DoD specifically noted that ISPs and “cloud” service providers are considered subcontractors under the rule. Contractors are responsible for assuring that ISPs and cloud providers have in place security controls and reporting obligations meeting the requirements of the regulation. Typically, “cloud” service providers are reluctant to obligate themselves in Service Level Agreements in this manner. Any DoD contractor or subcontractor using “cloud” vendors to store or move CTI should review carefully the service level commitments of the providers, to assure compliance. Fortunately for us, we have already taken steps to provide this level of security in the delivery of our services. We take this status of subcontractor seriously. We recently revamped our servers and our delivery of database services to protect our customer’s databases from cyber attack. All of our servers are behind a secure firewall, and our database services when provided to our customers are limited specifically to our customer connections. We have new monitoring and logging capabilities to safeguard against unauthorized access. eQuip! has role based security built into the software to prevent access to data that is controlled by the property administrator. This has been there from the beginning. What is new is the level of transaction monitoring that provides more details of each change in the record structure.
Is Asset Management Data considered Unclassified/Controlled?
This new ruling specifically limited the type of data which the DoD considers to be CTI, and specifically states that exceptions include general public knowledge information. During our OnBoarding process we discuss what data is to go into the Asset Management system. Clearly anything that is considered Unclassified/Controlled is not needed in a property system to be able to demonstrate adequate control over that property. We do not store software source code, nor do we store engineering drawings, or specific specifications. Could you store that information?

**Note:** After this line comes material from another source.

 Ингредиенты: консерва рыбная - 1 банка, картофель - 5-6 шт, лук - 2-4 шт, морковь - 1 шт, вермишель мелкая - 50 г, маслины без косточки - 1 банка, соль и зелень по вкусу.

Absolutely, but the use of a cloud-based system may not be appropriate, unless that cloud system is specifically approved for use for CTI. Most, if not all property in an asset system consists of general information that anyone can find in a catalog or on line. Serial number, National Stock Number, Part Number, Short Description of the part, cost of the part, quantity of the part, etc, are all considered general information. If a contract number is considered classified, there are substitutes that can be applied, including internal project codes, so that parts and equipment can be tracked adequately by project. The information that is subject to audit is not the detailed technical specifications, but the simple fact of where the asset is located, and who has control over that asset, and how many items are there. This has to correlate to the dollars spent.

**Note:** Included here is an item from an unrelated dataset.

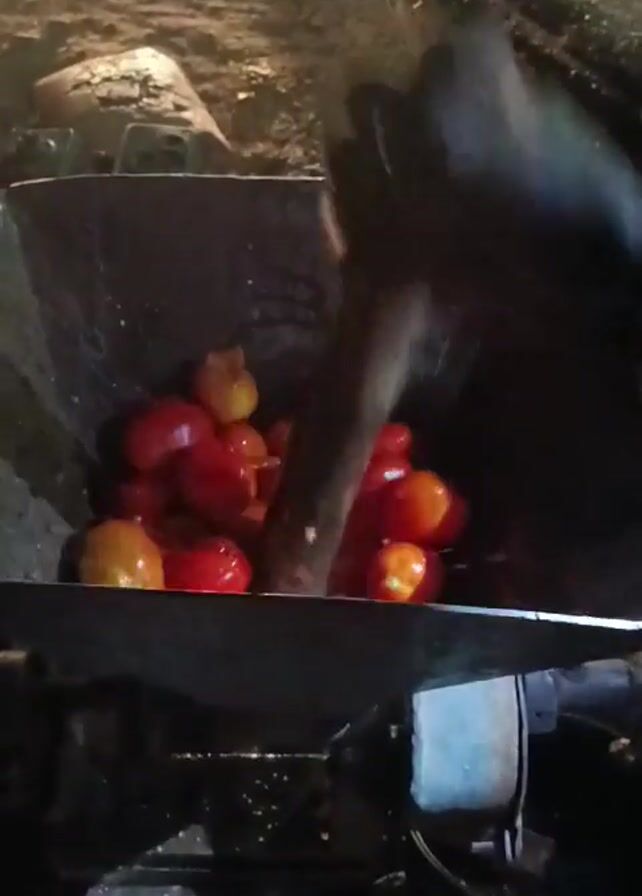 In a close-up, outdoor shot, someone loads tomatoes into a gray, metal, mechanical tomato press

Unclassified/Controlled Data Not Welcome Here
I am not minimizing the need for security controls in an asset management system. Not by a long shot! IT Managers tend to be very conservative about what information is placed into a system, and where that system should be located. They would not be doing their job otherwise. However common sense, and good property management standards provide adequate guidance as to what to put into a property system, and what is not needed. Our goal in building a property system is to reduce the amount of data entry, the amount of keystrokes required to maintain data, and provide sufficient automation to reduce the cost of managing these controls over your property. Our information goal is to make sure we have enough information to demonstrate controls over the property, and eliminate information that is really not necessary to demonstrate control. It is not necessary to store controlled data in a property system in order to do your job of property management.